Por cierto, no estoy solo. En mi comunidad de vecinos tenemos un servidor (de vez en cuando pagamos derramas para comprar almacenamiento, discos duros, vamos…), y una red comunitaria. Uno de mis vecinos es el director de una empresa de informática y siempre nos trae “cositas” nuevas. Nuestro portero durante unos años tuvo un ordenador en la garita y utilizaba el Excel y el Word (alguien dijo que eso no era normal y le quitaron el ordenador, lo noto más triste…). Las actas de las reuniones las tenemos en el servidor. Ya ni siquiera bajo música o películas de Ares, Kazaa o eMule (algún vecino ya lo hizo antes, y lo puso en el servidor comunitario). Mis vecinos más jóvenes montan campeonatos de videojuegos en red. Y por si no fuera suficiente, tenemos tres tipos de reuniones: comunidad, garaje y red.

Yo creo que estamos enfermos de tecnofilia.

P.D.: se me olvidaba, vendo piso…

11 comentarios en “¿Eres Luddita o Tecnófilo?

  1. EN EL FONDO SOMOS HERMAFRODITAS, ES DECIR NI LUDDITAS NI TECNOFILOS, Y AQUEL QUE SOLO CREA EN LA TECNOLOGIA COMO SISTEMA PARA SOBREVIVIR, EN EL FONDO ES UN LUDDITA, PERO ESTARAS CONMIGO QUE ESE PERSONAJE NO QUIERE RECONOCER QUE ESTA ENGANCHADO A LA TECNOLOGIA, ES UN YONKI DEL CHIP.

    UN BUEN APAGON TECNOLOGICO DE TRES DIAS SERIA SUFICIENTE PARA ALCANZAR EL INDICE MAS ALTO EN AESINATOS CONOCIDO, LA PREGUNTA NO ES ERES LUDDITA O TECNOFILO, LA PREGUNTA ES, ERES TU O ERES AQUELLO. ERES HUMANO O ERES DE METAL, EN FIN AMIGO QUE LA TECNOLOGIA NOS SALVARA DE LOS HUMANOS PERO ARRUINARA A LOS MISMOS, YA LO VERAS.

  2. No podemos achacar a la tecnología, fruto directo de nuestra obsesión por el conocimiento y su aplicación, los males que a menudo vemos a nuestro alrrededor.

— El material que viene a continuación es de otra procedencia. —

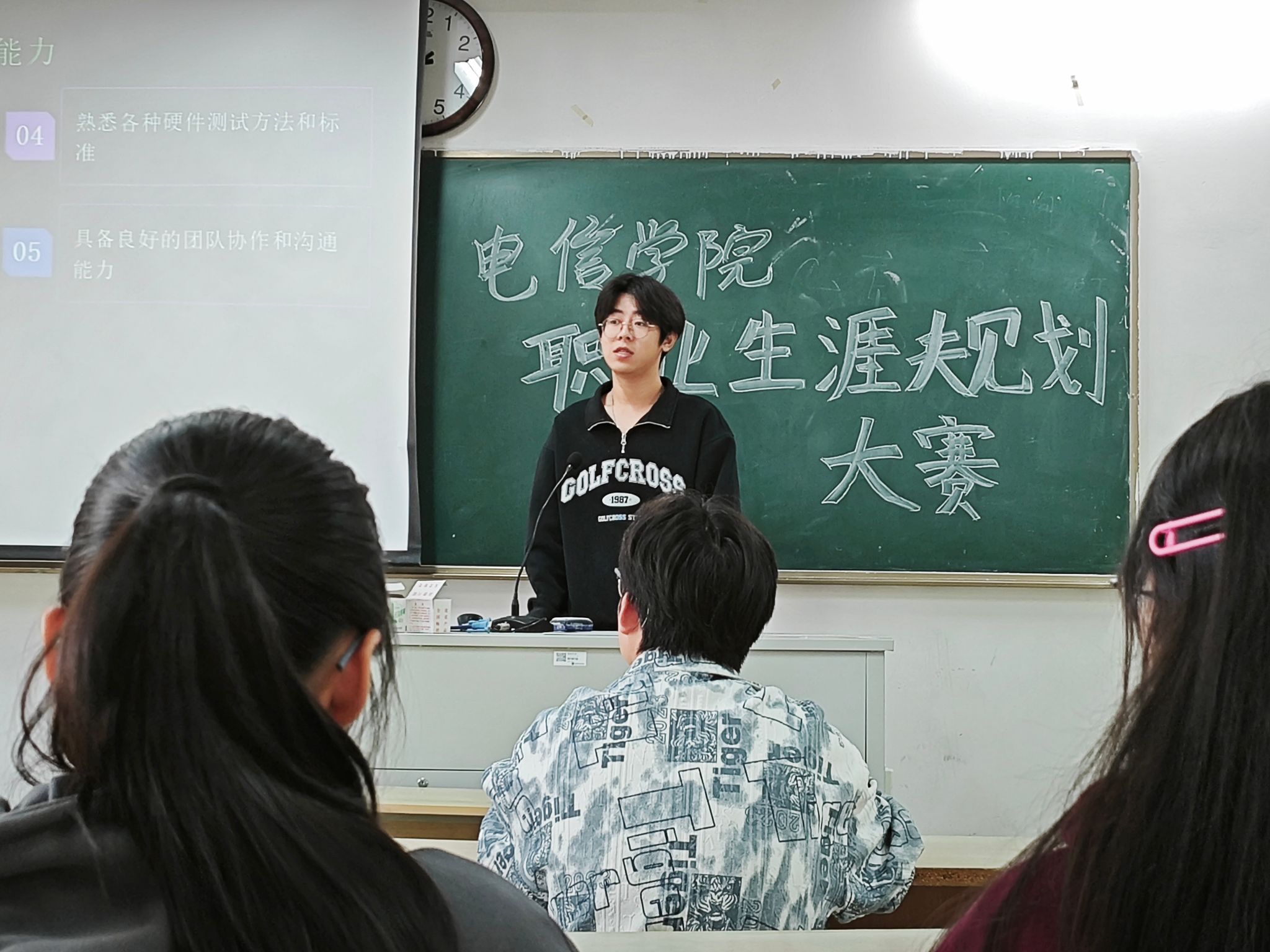 为进一步培养学院学生的职业生涯规划意识,引导大家明晰职业发展目标,电信学院于10月26日在1308教室举行大学生职业生涯规划大赛。经各班级初选推荐,共有12名同学进入到院级比赛。21信工(1)班徐李最终摘得本次比赛桂冠。

Es el uso que hacemos de ella lo que distorsiona su función.

    A menudo encuentro gente dentro del sector en el que ahora me ubico, que sin ser tecnólogos, pretenden crear necesidades tecnológicas en colectivos con verdaderas dificultades para su uso (personas mayores y dependientes). Trás ese velo de elitismo subyace una mística fascinación por lo novedoso, una pobre interpretación de la innovación como herramienta de mejora, y una obsesión enfermiza por crear nuevos productos cuyas ventajas, en múltiples ocasiones, brillan por su ausencia.

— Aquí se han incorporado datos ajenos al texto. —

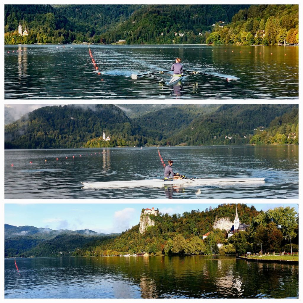 I can’t see the lake from here but after I insist we look and see what it looks like with sun.Β  There are a few rowers out training … it’s like a swimming pool with lane makers stretched across the length of the lake from the Rowing club to the turn around point.Β
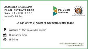 La Municipalidad de San Javier avanza en la construcción, armado y diagramación del Plan Estratégico 2030, consistente en la recopilación de ideas, puntos de vista y opiniones acerca del futuro para la ciudad. Bajo el lema de escuchar, encuestar y proponer soluciones colectivas, se hará una Asamblea Ciudadana en el Instituto N°15 “Dr. Alcides Greca”.

    El verdadero valor de la tecnología está en la funcionalidad. Es un medio para alcanzar mejoras sustanciales para los colectivos humanos, y no el fin en sí mismo. Pero cuando el fin es maximizar los rendimientos económicos, cualquier trasto, por inservible que sea, parece óptimo.

    Es sólo una pobre reflexión, pero el tema daría para mucho.

    Un saludo, Juan.

    Fran Romero
    Fuerza y Valor

  3. Pingback: Completamente Tecnófilo | 77 Ideas

  4. No hay que olvidar (como hacen los ludditas de este post) que un martillo, un clavo, un par de zapatos… incluso un piedra frotada contra otra para producir fuego… todo es tecnología.

    Coincido mucho con Fran respecto de la funcionalidad. Yo lo pensaba en términos de que ante todo existe una necesidad a satisfacer que motiva una solución tecnológica, que si se encuentra llamamos “avance”. Pero la determinación de esta necesidad es un proceso político, social, no técnico.

    Desgraciadamente, la realidad nos hace ver (por ejemplo) que la necesidad de consumo de las economías (de las personas que conforman las economías…) más poderosas pesa más que las necesidades básicas de la mayor parte de la humanidad, y así surge internet, los gadgets, rascacielos, ascensores que hablan y demás. El hambre (y las demás grandes desgracias de la humanidad) no tiene origen ni solución en la tecnología sino en la política. Soy muy escéptico respecto de la solución a ese y otros grandes problemas.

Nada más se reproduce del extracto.